Yesterday’s talk concerned facts about Mundurukú (a.k.a. Mundurucú, last discussed on Language Log here— just for your blogospheric reference). Very brief background on yesterday’s speaker: Gessiane Picanço is a UBC graduate student from Brazil who is doing some very interesting work on the phonetics, phonology, and diachrony (through comparative reconstruction) of the Mundurukú subfamily of Tupi languages. (Tupi also includes the Guaraní subfamily, with which probably more of us are familiar.) Picanço also delivered a great talk on Mundurukú phonation types at WECOL last month, in case you missed it.

Picanço’s talk yesterday (part of the research seminar at UBC Linguistics where both faculty and students present current research) was about the possible diachronic sources of some phonotactic restrictions in Mundurukú. Picanço counted the relative distributions of consonants and vowels in 1,252 CV(C) syllables (one instance per alternant per morpheme from Picanço’s fieldnotes); among other interesting facts discussed in the talk, Picanço found the facts in (6) and (7) below.

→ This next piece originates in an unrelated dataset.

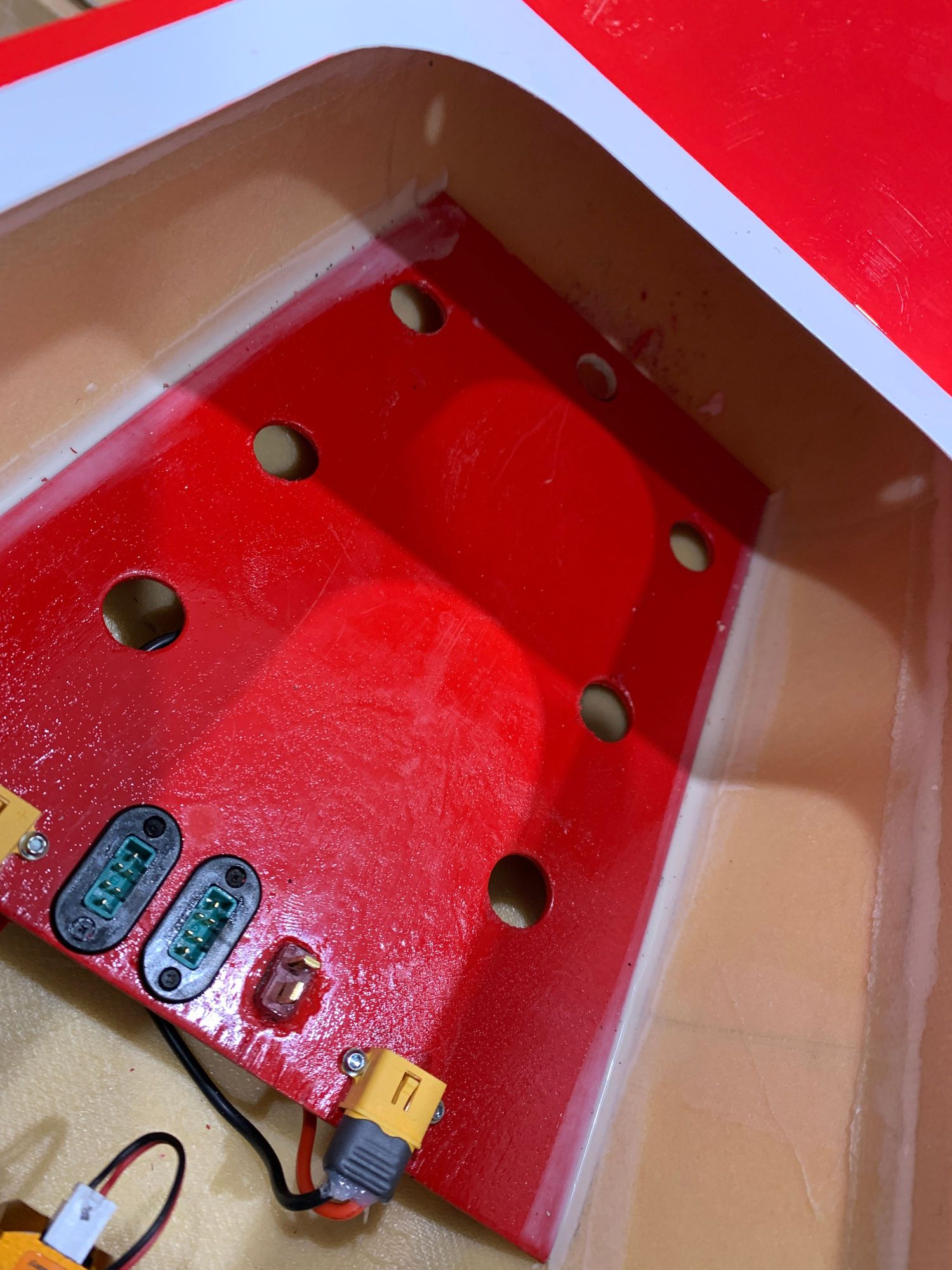 Installed all the battery plugs on the front tray. . at the very front of the tray you can see the center hole. This is the receiving hole for the battery tray.

(6)	There are 37 instances of /ʃi/ sequences in Mundurukú. (That’s just a hair under 3% of the counted CV(C) syllables.)
(7)	/si/ sequences, on the other hand, are nonexistent. (One exceptional /si/ sequence exists in a borrowing, pasí ‘go for a walk’, from Portuguese passear.)

Picanço considers and rejects the synchronic analysis in (8), plausible-seeming though it may be. (See note 1 below.)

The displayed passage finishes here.